Cars for the rest of us.

What’s Your Favorite Car?

Jun 25, 13 • by David Esch • Featured, Vintage Cars6 CommentsRead More »

GT40There’s that line in Monty Python’s Holy Grail: The knights turn up at the bridge, and the troll who guards it asks them questions. “What’s your favorite color?” he asks. Simple enough, right? Mind you, don’t get it wrong or you’ll be flung into the abyss.

It used to be pretty easy to pick ONE THING that stood above everything else. Your bike. Your mom’s cookies. Batman.

So if I asked, “What’s your favorite car?” It shouldn’t be too hard to answer. I mean, everyone has their tastes. And no harm if you say an AMC Ambassador either. Sure, people will wonder, but it’s none of their damn business anyway.

Abmassador wagon

Sometimes I think about what my answer would be. But picking one? Just one? That is incredibly difficult. There are so many good choices. How could you argue with someone who answers “GT-40”? Or Alfa GTA. Or a late fifties Imperial.

Imperial

It’s hard because you have so many different styles, so many different technologies and performance capabilities. So many memories.

Sometimes I think my answer might be a 1964 Buick Riviera in that light silver/blue. I did a trip to Maine in one of those when it was just a used car, and I am here to tell ya, it was an awesome car.

1964 Riviera

Oh, but there was that Datsun 510 wagon too. Talk about cheap fun, man.

Datsun 51

You can probably tell where this is going. I want to know what your favorite is. Just the one. And answering with just the make and year is unacceptable, because we need to know why.

And even if you don’t say an 8C 2900B, well, we’re all entitled to our opinions, right?

Tags: , , , , ,

6 Responses to What’s Your Favorite Car?

  1. dt says:

    1956 Ferrari 250 Testarossa, the car that turned me on to cars.

    Which I only got to see at a concours…

  2. William Robinson says:

    For me its a 65-68 alfa Giulia sprint gtv. Its just somthing about those hips. Ahhh heck Id take any year as long as I could look at it every night before I went to bed.

  3. It’s funny, when I glanced at the page earlier this week, I was convinced i could not narrow it down to just one. I love the ’67 Cougar for it’s beauty. I love the ’67 Mercury Park Lane and the ’69 Country Squire for the memories they stir in me. I love the ’61 Lincoln Continental and the ’64-’66 Imperial for their elegance and luxury. I could name a hundred other cars that I absolutely love, but when I sat down to write this, I knew the answer.

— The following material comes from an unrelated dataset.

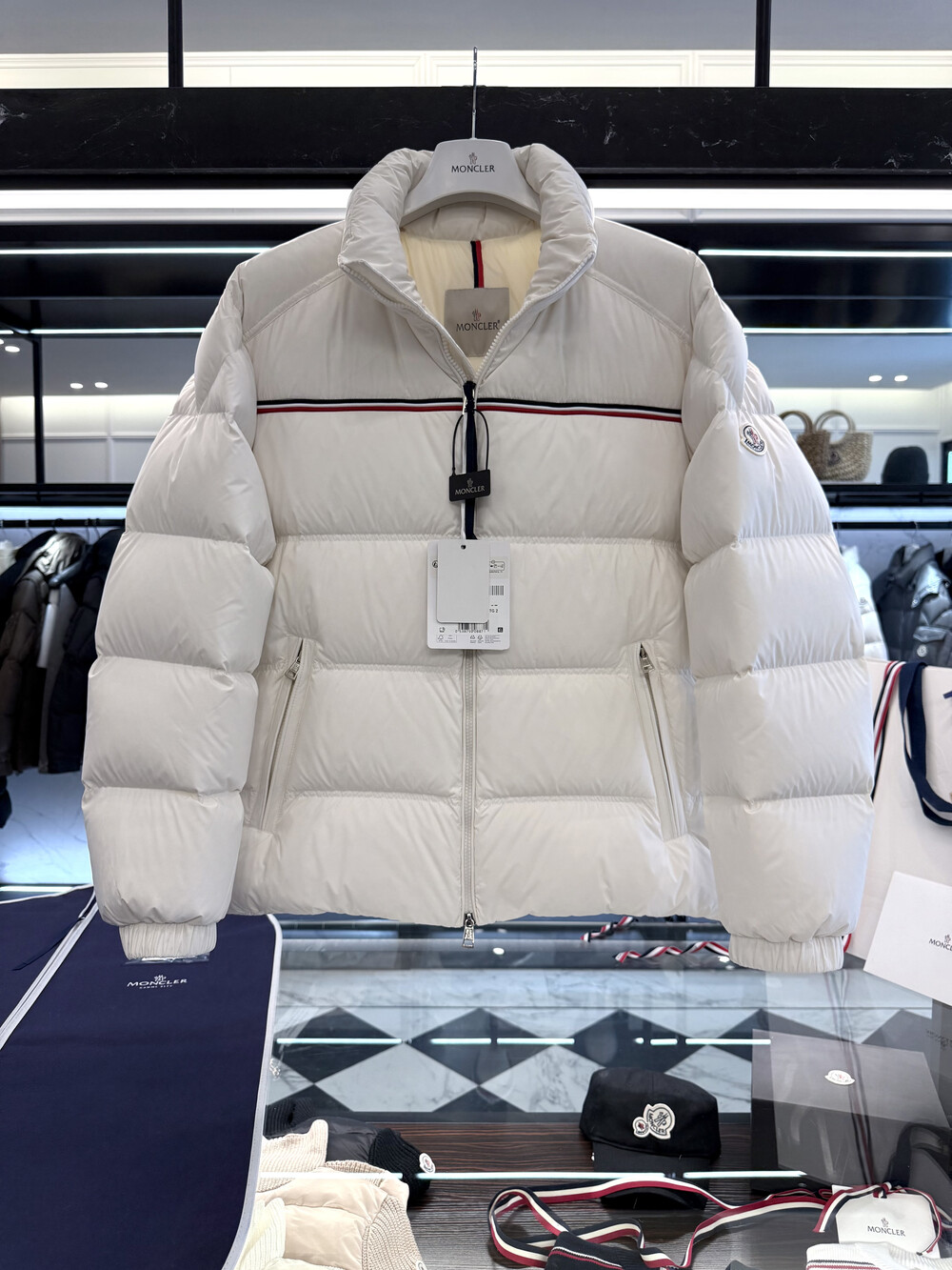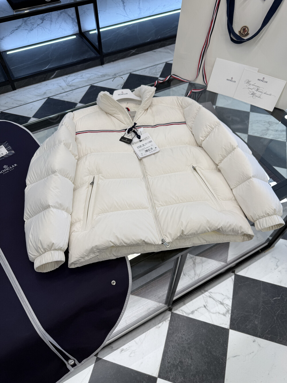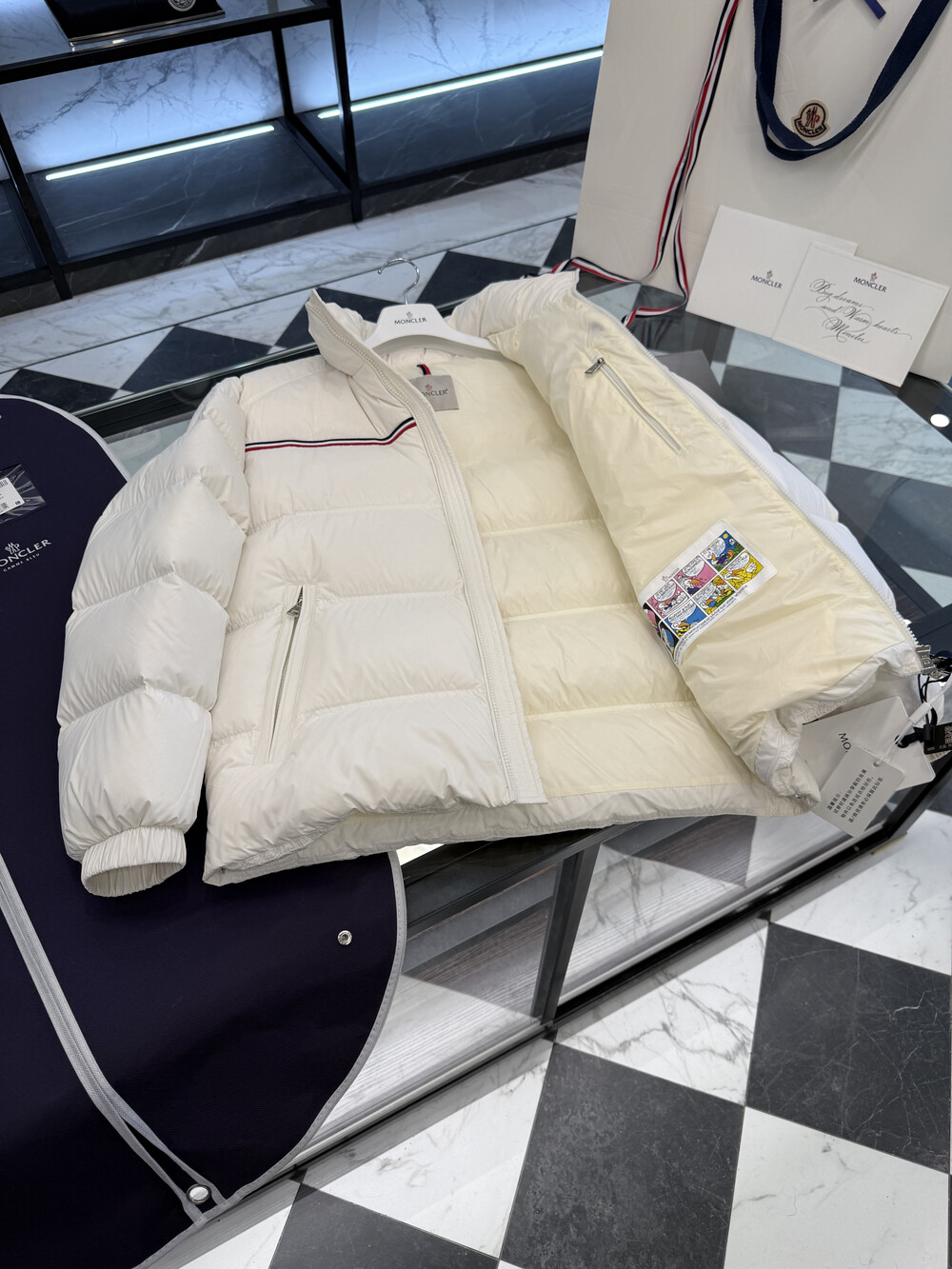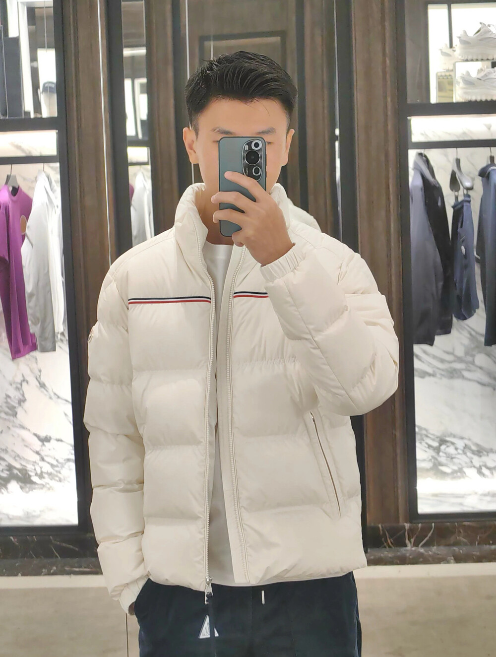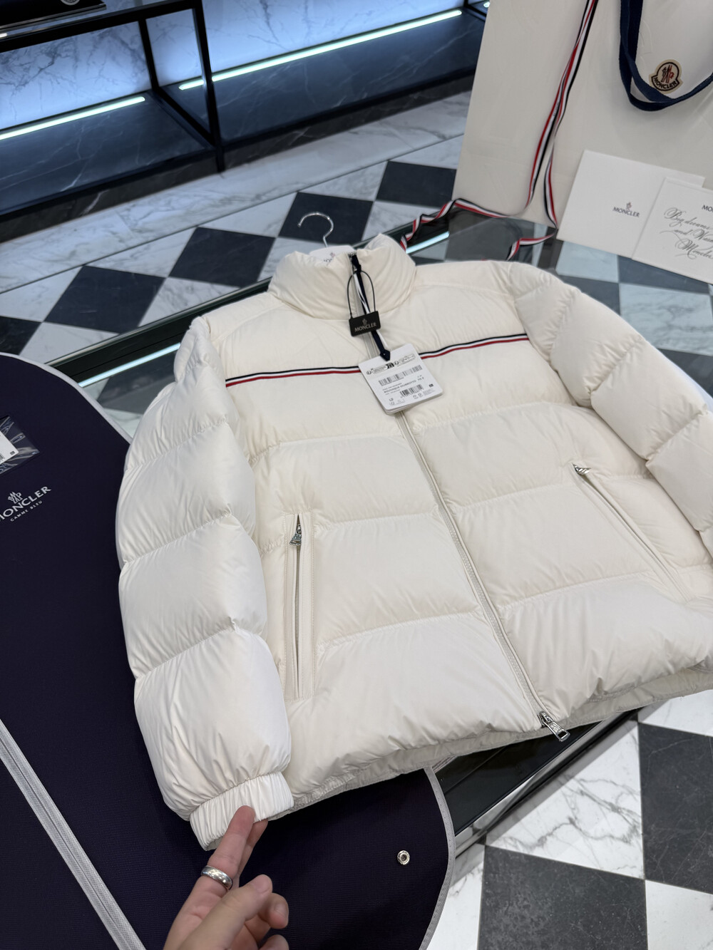 스트라이프 자수 스탠드 칼라 다운 재킷

    1970 1/2 – 73 Camaro RS – I should say the Z-28, but any of the split bumper Camaros would work for me. My sister’s high school best friend drove one with a 307 and a 3 speed on the floor. Her dad taught her how to drive fast, and she learned well. That beautifully shaped body… The most beautiful front end on any car ever made. They handle great, even compared to today’s cars. And while a “regular bumper Camaro can do everything a Rally Sport can do, it still amazes me how the “other” Camaros of those years do so little for me, but show me a Rally Sport and my heart rate gets goin’!

  4. BJ says:

    Mine might be a ’67 Cadillac Fleetwood Eldorado Coupe (black, please), because I think it’s one of the sexiest looking cars I’ve ever seen. A ’68 Buick Electra 225 Convertible (because my favorite Aunt used to drive one, before she went nuts) and a ’76 Olds Cutlass Supreme Brougham would be right up there, too. And I would buy a ’67 Camaro Convertible in a second. I don’t think I could pick only one.

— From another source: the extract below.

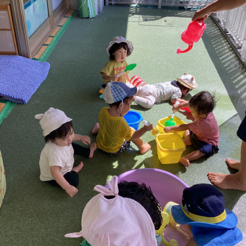 新しいお友達も加わりにぎやかなひよこ組さんです。 テラスでの水遊びで...

  5. I forgot to mention the ’67-’68 Eldorado and the ’66 Toronado. Now that you mention the GM personal luxury cars, I feel like I should throw in the ’68 – ’69 and ’71 – ’72 Rivieras. GM really had it going on then.

  6. Roger Henry says:

    Model A Ford: Starting at $495 FOB Detroit, the Model A embodied everything that was good about America–a wide variety of body styles and types, dead reliable, strong steel body construction with minimal wood (why so many Model A’s survive while so few Chevrolet’s do), made by workers earning an industry leading $5/day, good fuel economy. At peak production in 1929, Ford produced 9000 Model As in single day (combined production from all plants). The Model A is the ultimate Clunker—cheap to by and cheap to run–80 years on!